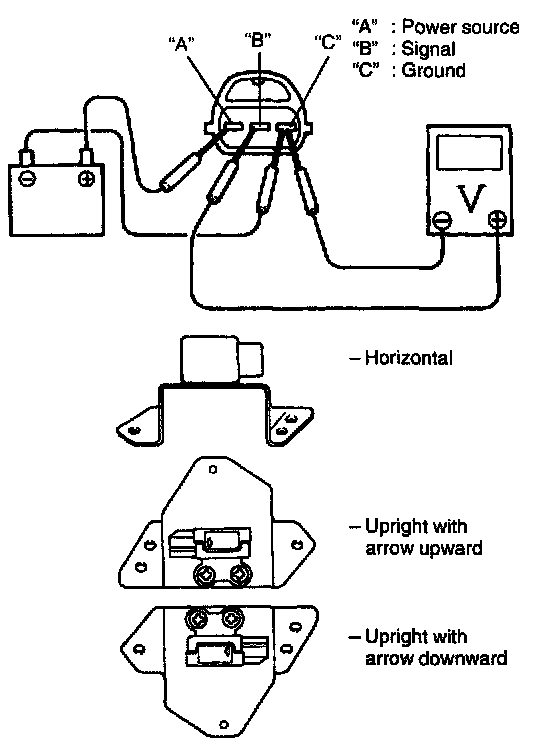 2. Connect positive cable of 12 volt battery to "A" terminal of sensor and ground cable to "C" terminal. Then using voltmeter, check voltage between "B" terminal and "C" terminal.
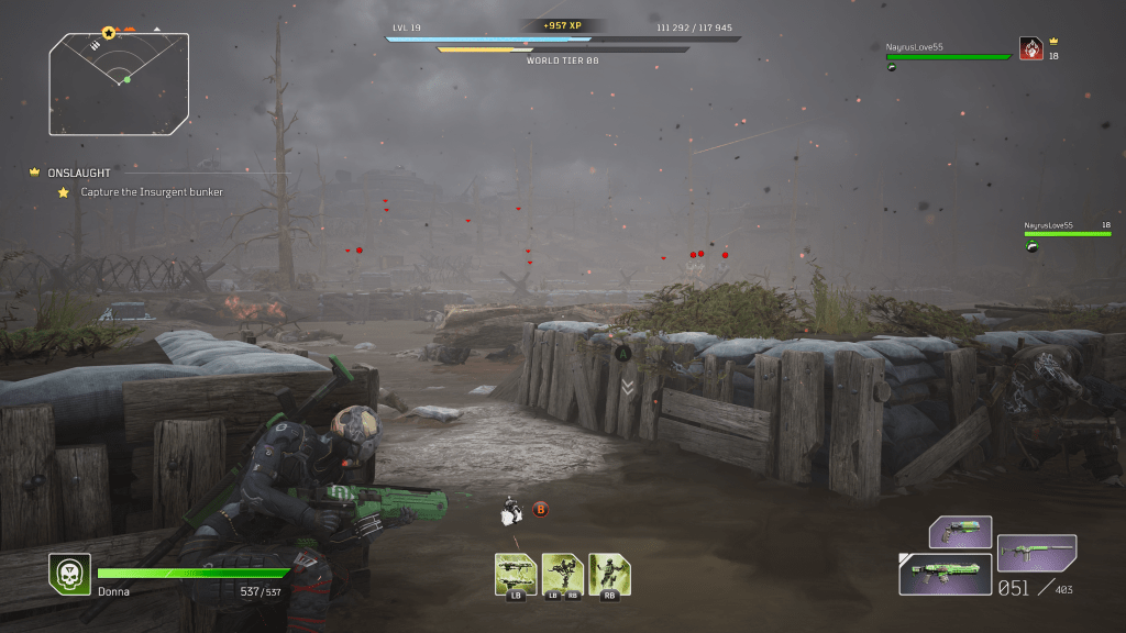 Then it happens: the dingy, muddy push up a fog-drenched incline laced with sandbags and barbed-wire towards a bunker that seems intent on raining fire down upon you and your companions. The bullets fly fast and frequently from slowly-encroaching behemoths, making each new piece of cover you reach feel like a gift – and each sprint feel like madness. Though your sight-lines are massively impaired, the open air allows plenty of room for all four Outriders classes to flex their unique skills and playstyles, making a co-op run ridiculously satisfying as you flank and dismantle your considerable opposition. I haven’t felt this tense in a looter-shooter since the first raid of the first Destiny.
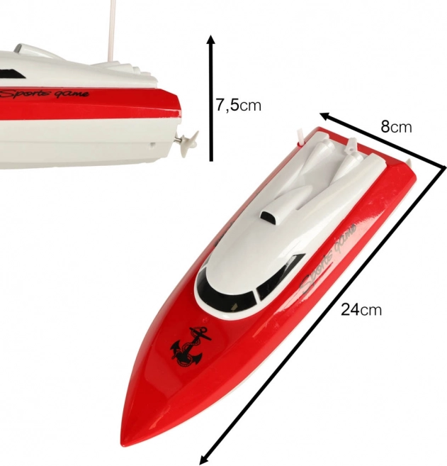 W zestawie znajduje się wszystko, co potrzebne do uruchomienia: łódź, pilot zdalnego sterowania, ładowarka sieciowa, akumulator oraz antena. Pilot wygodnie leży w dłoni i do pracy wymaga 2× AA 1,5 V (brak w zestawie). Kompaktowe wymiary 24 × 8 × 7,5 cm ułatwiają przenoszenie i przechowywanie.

..............................

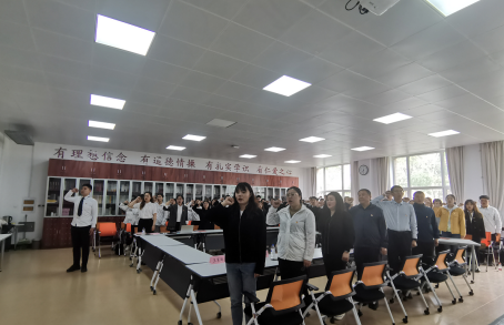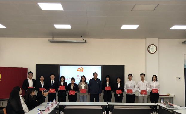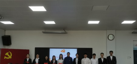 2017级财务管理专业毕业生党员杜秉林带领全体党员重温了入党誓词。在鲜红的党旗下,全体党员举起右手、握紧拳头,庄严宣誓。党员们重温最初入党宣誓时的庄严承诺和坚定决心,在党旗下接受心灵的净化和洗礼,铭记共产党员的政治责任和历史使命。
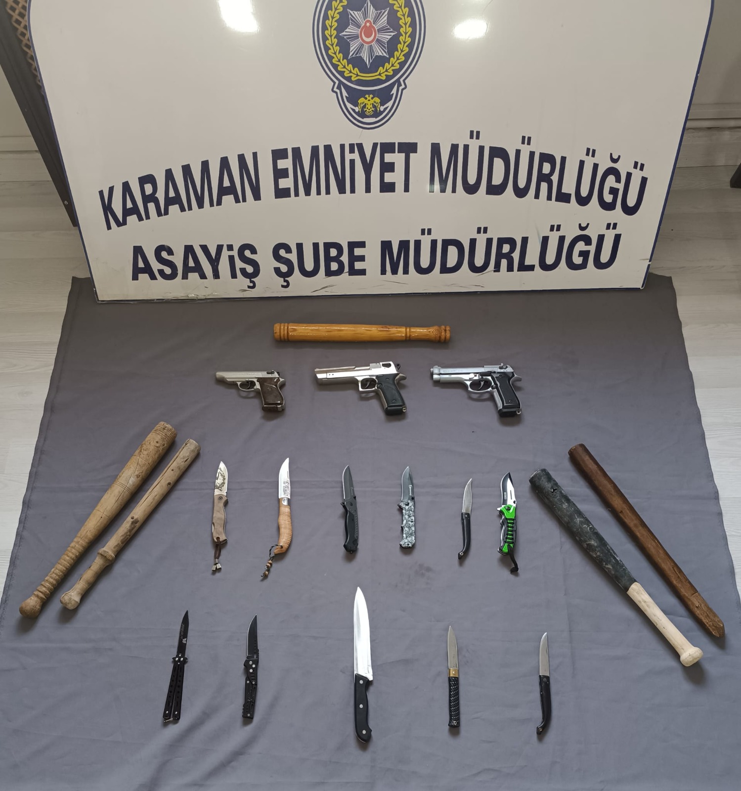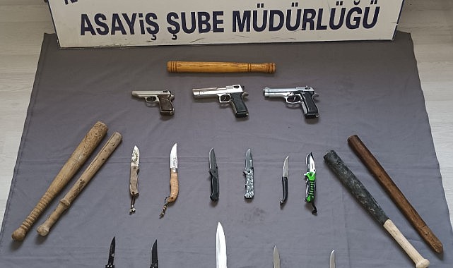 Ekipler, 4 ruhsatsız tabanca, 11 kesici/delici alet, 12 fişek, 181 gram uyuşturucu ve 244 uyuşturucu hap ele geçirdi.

..............................

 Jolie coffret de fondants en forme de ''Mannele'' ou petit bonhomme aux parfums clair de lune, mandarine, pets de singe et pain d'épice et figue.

..............................

▸ **Activity**:
Between and including the line above that contains "2. Connect positive" and the line that contains "W zestawie znajduje", restate every line word for word. Pictures stay out.

▸ **Solved exercise**:
 2. Connect positive cable of 12 volt battery to "A" terminal of sensor and ground cable to "C" terminal. Then using voltmeter, check voltage between "B" terminal and "C" terminal.
 Then it happens: the dingy, muddy push up a fog-drenched incline laced with sandbags and barbed-wire towards a bunker that seems intent on raining fire down upon you and your companions. The bullets fly fast and frequently from slowly-encroaching behemoths, making each new piece of cover you reach feel like a gift – and each sprint feel like madness. Though your sight-lines are massively impaired, the open air allows plenty of room for all four Outriders classes to flex their unique skills and playstyles, making a co-op run ridiculously satisfying as you flank and dismantle your considerable opposition. I haven’t felt this tense in a looter-shooter since the first raid of the first Destiny.
 W zestawie znajduje się wszystko, co potrzebne do uruchomienia: łódź, pilot zdalnego sterowania, ładowarka sieciowa, akumulator oraz antena. Pilot wygodnie leży w dłoni i do pracy wymaga 2× AA 1,5 V (brak w zestawie). Kompaktowe wymiary 24 × 8 × 7,5 cm ułatwiają przenoszenie i przechowywanie.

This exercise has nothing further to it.